As most WWII aviation historians are well aware, it was a young, baby-faced blonde German Luftwaffe pilot named Erich Alfred Hartmann who became - and remains - the world’s greatest fighter Ace, with a confirmed score of 352 air victories, almost entirely against Soviet planes while fighting on the Eastern Front between 1941 and 1945. Known widely among his friends as “Bubi”, a nickname arising from his youthful boyish appearance, he was barely 20 years old when he graduated from cadet training and strapped on the famed Messerschmitt, known unfondly for its small confining cockpit. For “Bubi” it was love at first flight. (The Bf-109, with its closely-spaced landing gear was fiercely difficult to maneuver on the ground, but a glory to fly in the air.)
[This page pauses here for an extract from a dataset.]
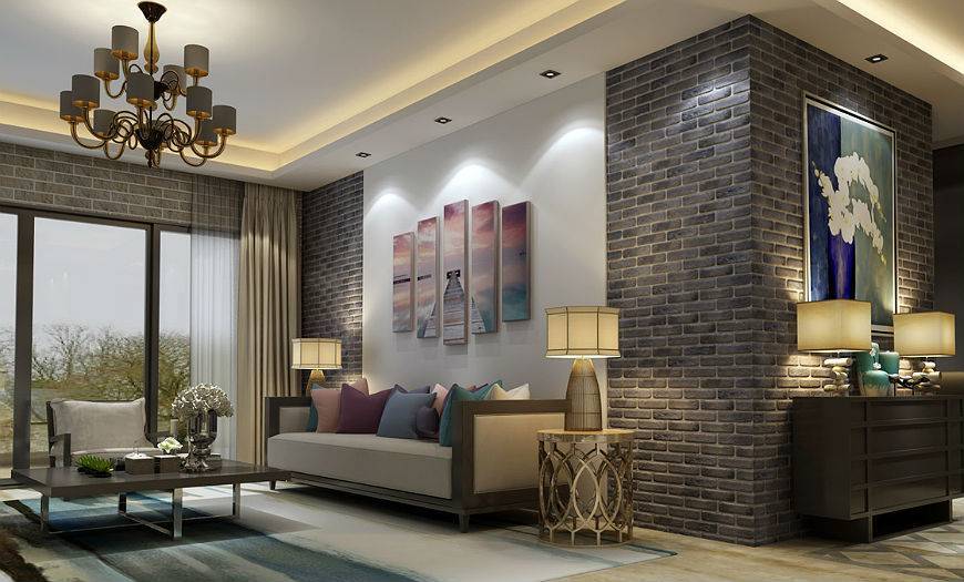 Например, белая кирпичная стена сочетается с серым диваном. Или же сделать акцент на желтом широком диване простых форм в сочетании с темными стенами.
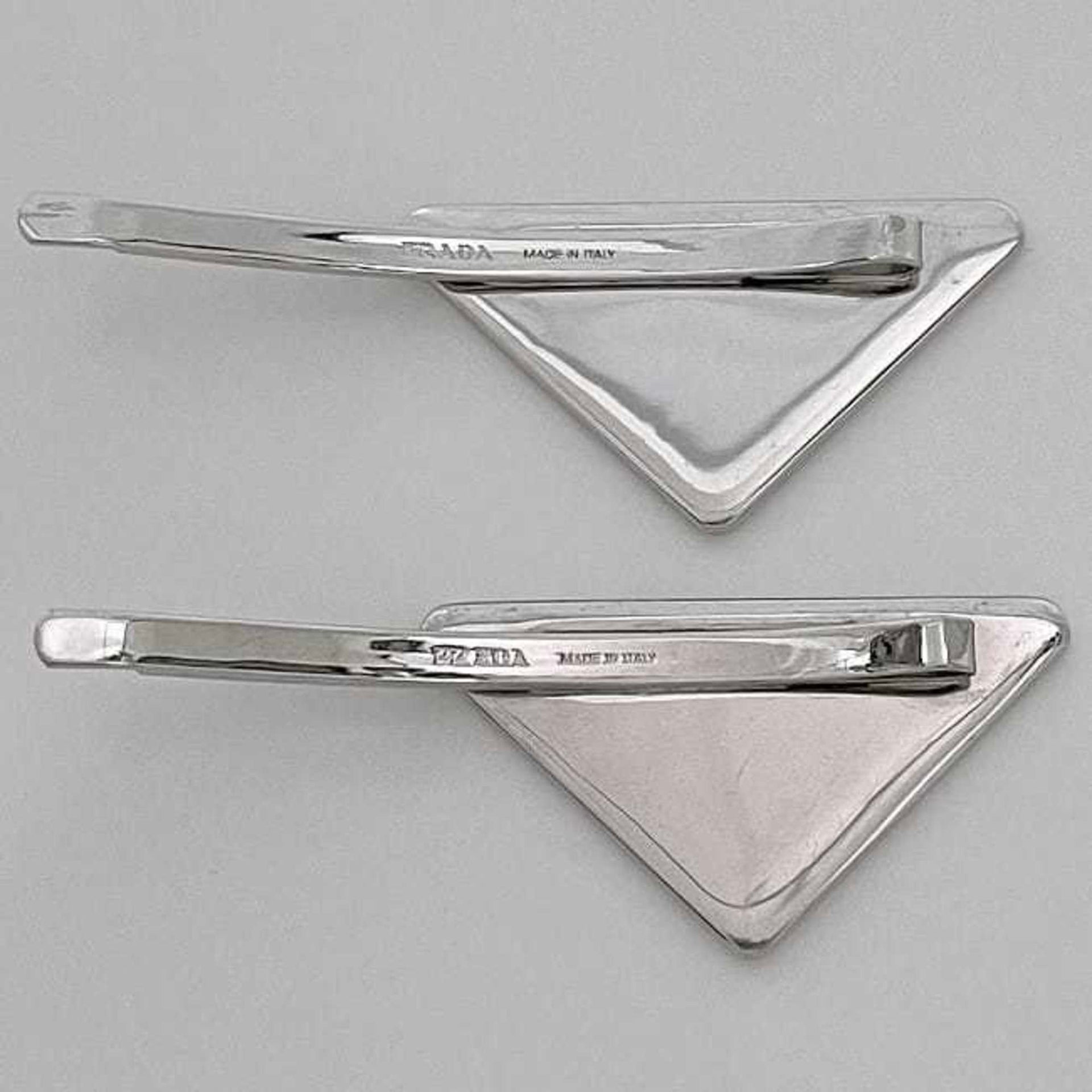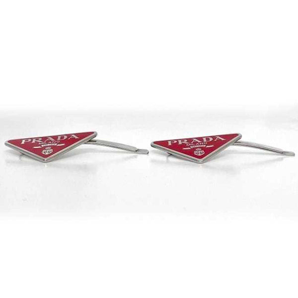 Prada Hairpin f-23295 Red Silver 1IF051 Unused New Metal PRADA Hair Clip Triangle For Women Fittings

The son of a prominent Physician father, and a feisty mother who flew airplanes at a time when women didn’t even drive motor cars, Erich possessed a rare combination of talents. He was a gifted flyer, had the eye of a superb marksman, had the ability to learn quickly, and was entirely focused on driving the enemy from the sky; and he was blessed with that quality which can only be defined as LUCK. As a fighter pilot, he never varied the winning technique he had drilled into him by his mentors: get in close, don’t waste ammunition on poor shots, and never get involved in “dog fights”. In four years of daily fighting involving more than 850 individual engagements and nearly 1900 missions in enemy skies, his plane was never hit by Russian gunfire, although he crash-landed 14 times, sometimes behind enemy lines including one escape after capture. In almost every case, his 109 was damaged from the debris flying back from the unfortunate victims who usually didn’t even know Hartmann had closed to within 100 feet of their six o’clock. The Bf-109 was equipped with a cannon firing with deadly effect from its centerline, and Hartmann seldom needed more than a dozen explosive rounds to finish his target.
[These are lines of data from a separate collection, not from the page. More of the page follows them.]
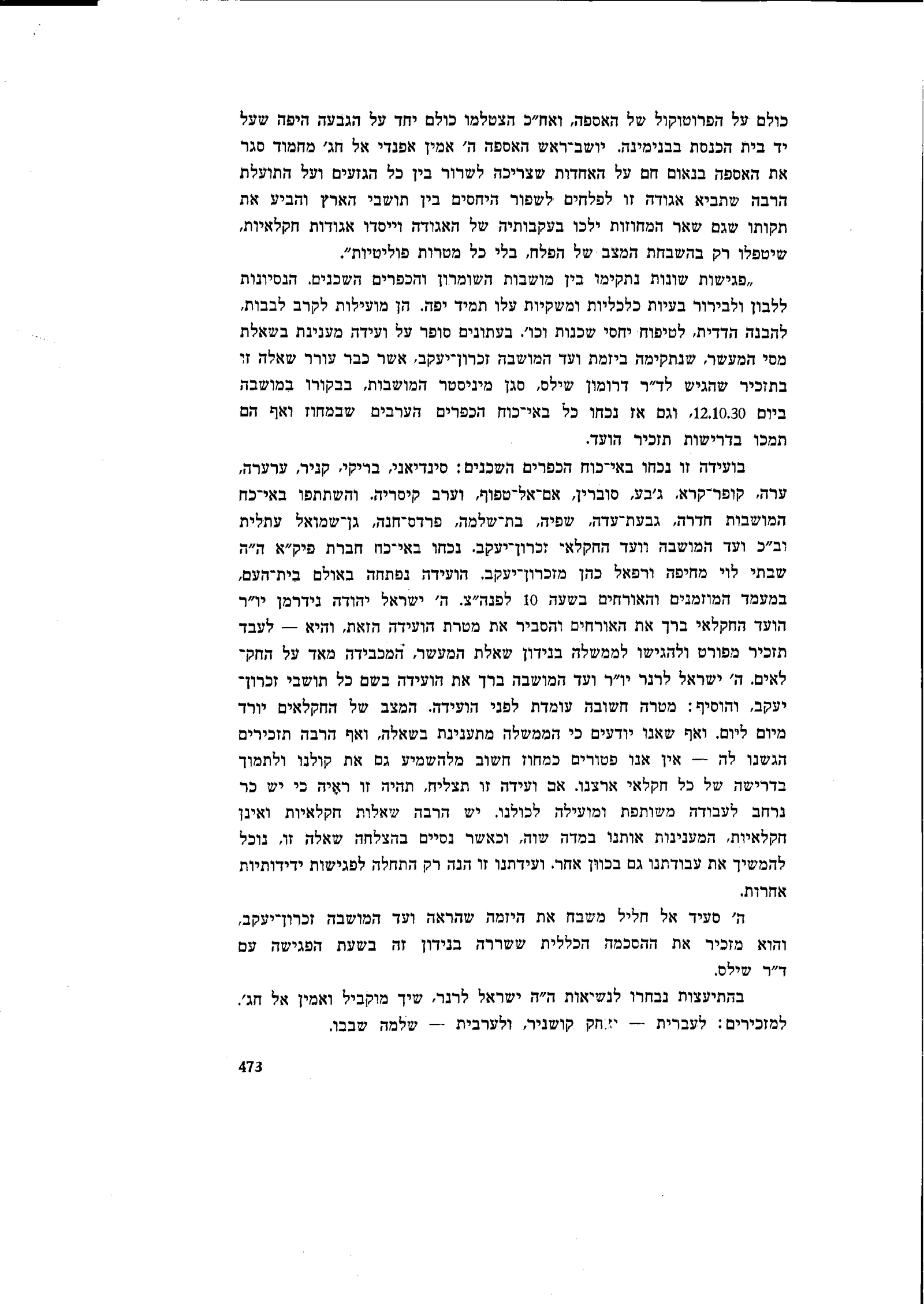 כולם על הפרוטוקול של האספה, ואח״כ הצטלמו כולם יחד על הגבעה היפה שעל יד בית הכנסת בבנימינה. יושב־ראש האספה
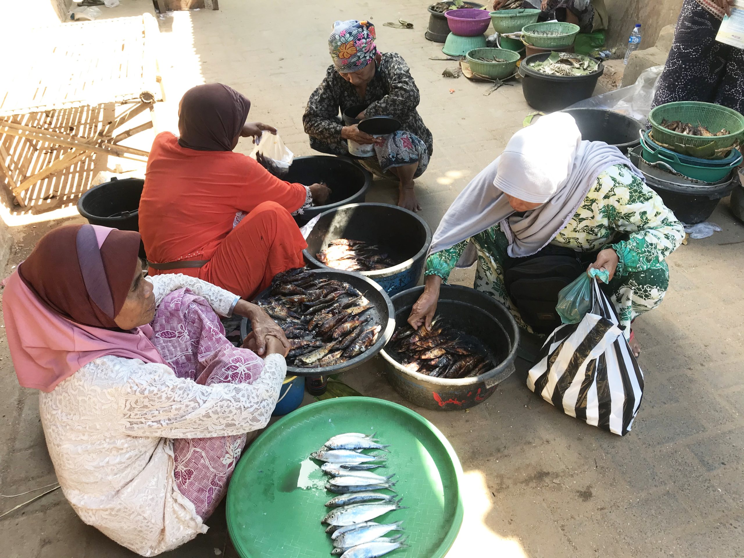 A smoked-fish seller at the Gapura Market, Gapura District, Sumenep Regency. Several artisanal methods are used in processing fish due to limited cold storage in the local fish supply chain in rural Sumenep. Photo Credit: Kyana Dipananda
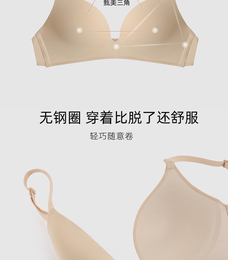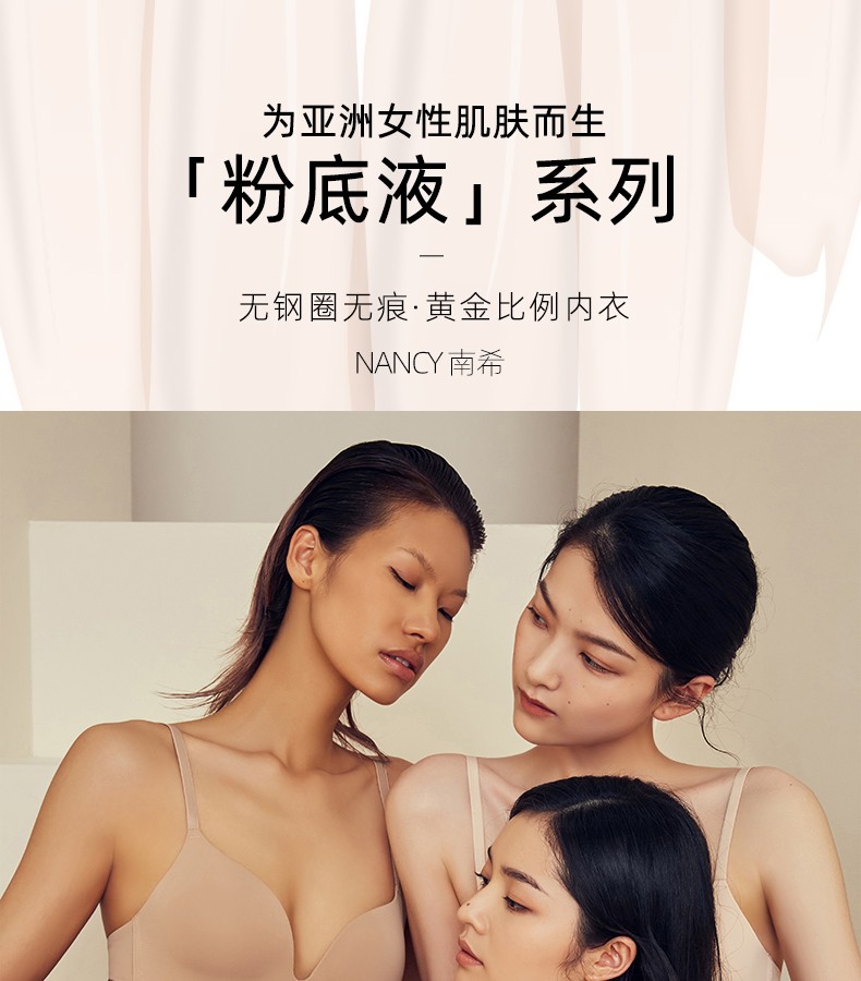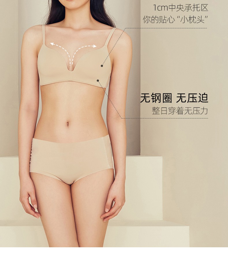 好奇蜜斯肤色粉底液舒适无钢圈无痕内衣女夏季薄款文胸罩套装隐形南希

There are two unfortunate events which spoil the “White Knight” story. Surrendering to advancing U.S. forces at war’s end, he was thoughtlessly and stupidly turned over to the Russians and spent the next ten years in the cruelest kind of imprisonment in the worst gulags of the Soviet Union. And, even though returning to a career in the “new” post-war Luftwaffe, his brilliant knowledge and unrivaled leadership skills were treated with studied indifference by “political” Generals ambitious for advancement; ironically the same fate meted out to one of America’s “greatest” (in my humble opinion), WWII aviators, Paul Tibbetts – a subject for a future column.
P.S. The Soviet pilots Erich Hartmann shot down were not the hapless amateurs flying third-rate aircraft some historians claim. Flying superb Migs, Yaks, Ilushins and Airacobras, they produced more than 50 Aces of their own in WWII.
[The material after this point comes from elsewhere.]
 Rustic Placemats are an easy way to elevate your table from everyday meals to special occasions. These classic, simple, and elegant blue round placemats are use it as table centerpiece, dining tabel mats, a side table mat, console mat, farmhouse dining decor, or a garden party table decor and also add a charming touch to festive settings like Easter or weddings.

Luftwaffe “Ace” Erich Hartman at age 22, wearing the Diamonds to his Knight’s Cross, with Oak leaves and Swords - Germany's highest military award, after his 301st combat victory in August, 1944. Hartmann died in Germany September 20th, 1993 at age 71.
A rare photo of one of the few Messerschmitt Bf-109 WWII fighters still flying anywhere in the world. During the war, Germany produced nearly 34,000 of these cutting edge warbirds.
Pictured high over Oregon’s Tillamook Aviation Museum, the beautifully-maintained Lockheed P-38 "Lightning" named Tangerine is one of the last of its breed still flying. One of the most under-rated American fighters of WWII, it was this plane that made Aces out of "Tommy McGuire and Dick Bong.